Олдус. Хартли молил Бога, чтобы его друг не оказался бредом, вызванным болью, которую он испытывал. Один из людей Клодетты подхватил молоток, а другой деловито привязывал ногу Хартли к деревянному чурбану. Если Олдус не померещился, если помощь действительно близка, пусть она появится прежде, чем молоток упадет на пальцы ног, молился Хартли. Видя, что Клодетта держит в руках нож, он понял: переломы пальцев всего лишь начало. Если его друзья не поспешат, скоро можно будет не беспокоиться о тишине. Его вопли перекроют любой шум, который они создадут.
Алтея расхаживала взад и вперед перед дверью здания, в котором держали в заточении Хартли. Люди Аргуса быстро и тихо убрали охранников Клодетты. Алтея не переставала удивляться многочисленным талантам своего кузена, и это позволяло ей сдерживать страх за Хартли. По крайней мере, она находила в себе силы не совершать ничего глупого и опасного. Но теперь, когда Хартли так близко, страх за него превратился в зверя, терзающего, изводящего ее изнутри. Ей потребовались все остатки силы воли, чтобы не ворваться в здание, во весь голос выкрикивая его имя, и тем самым не разрушить всю проделанную работу.
— Хватит, Алтея, а то ты протопчешь перед дверью такую глубокую канаву, что нам придется строить мост, чтобы через нее перейти, — сказала Олимпия, хватая Алтею за руку и вынуждая ее остановиться.
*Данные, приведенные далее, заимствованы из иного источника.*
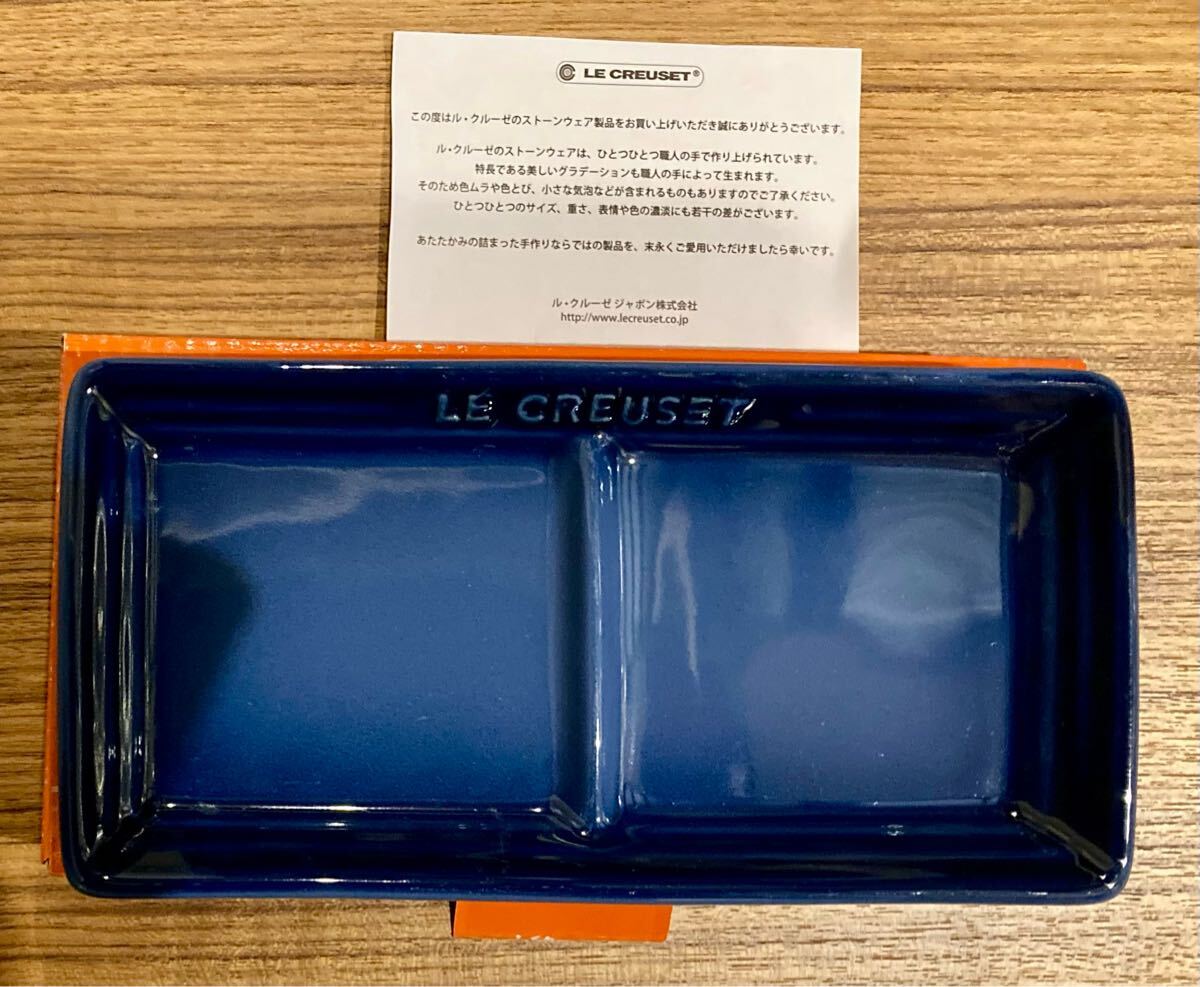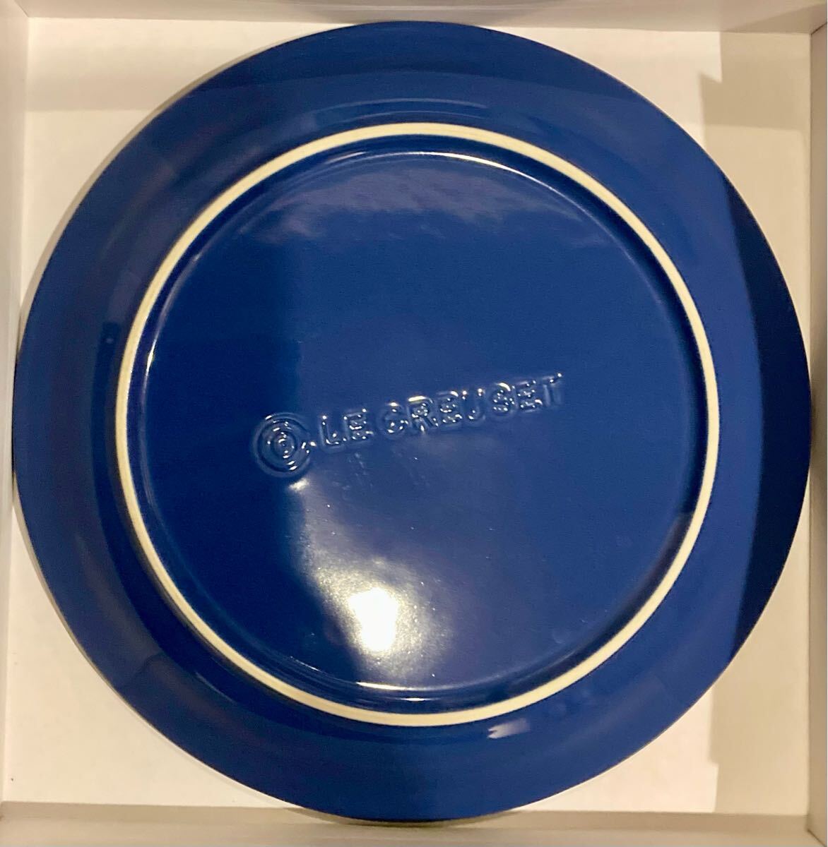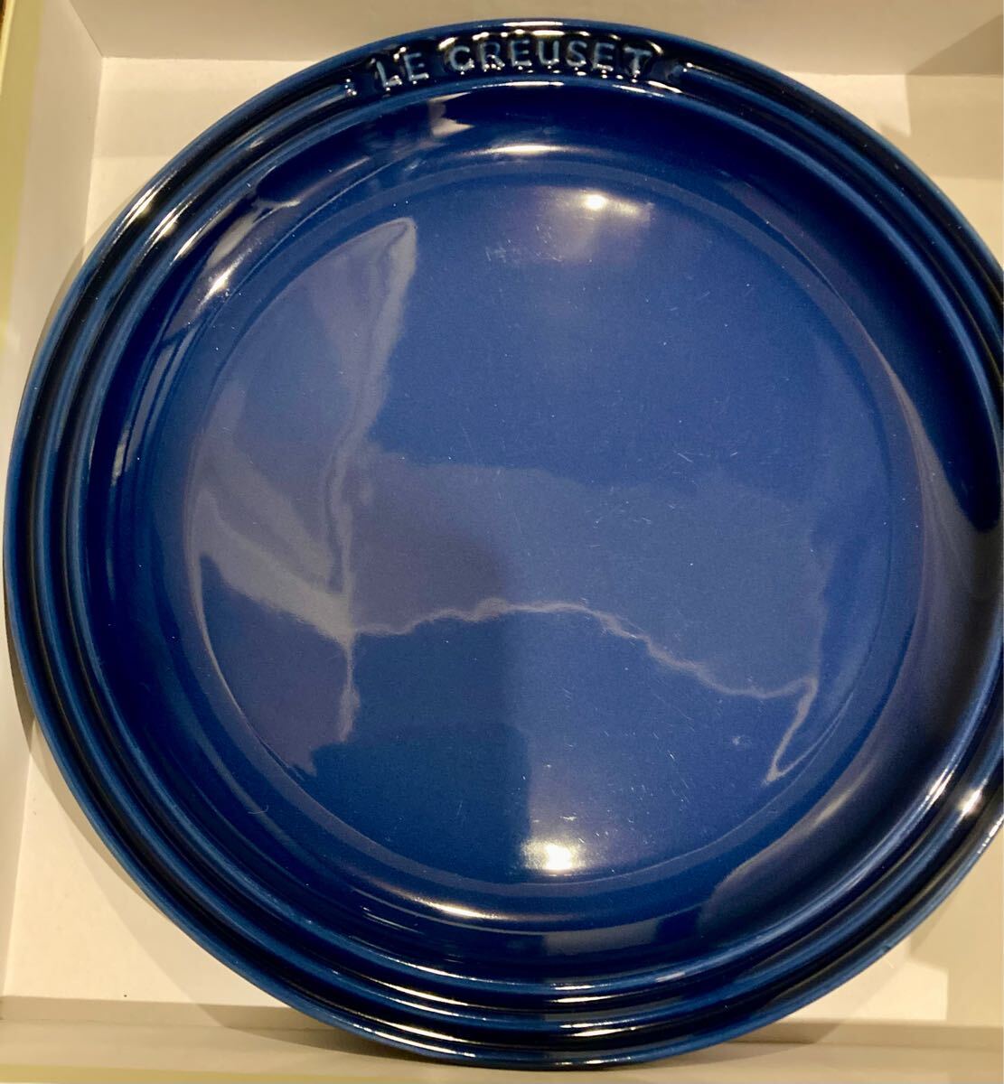 廃盤色レア★LE CREUSETルクルーゼ★ラウンド・プレート 23cm2枚&ヤクミプレート17cm 計3点 ロイヤルブルー ロゴ入り 国内正規品 箱入り

— Я знаю, знаю. — Алтея потерла лоб. — Мне просто нужно увидеть его, узнать, что он жив. Мне хочется стать валькирией, тогда бы я смогла участвовать в спасении, выкрикивая какой-нибудь языческий воинственный клич и размахивая мечом. — Она слабо улыбнулась, а Олимпия рассмеялась. — Я хочу, чтобы Хартли оказался дома. — Она тяжело вздохнула и поспешила признаться: — И, Господи, прости меня, я хочу увидеть Клодетту мертвой.
— Я думаю, Бог простит тебя за это. А мне бы хотелось, чтобы она испытала все страдания, телесные и душевные, которые доставила другим.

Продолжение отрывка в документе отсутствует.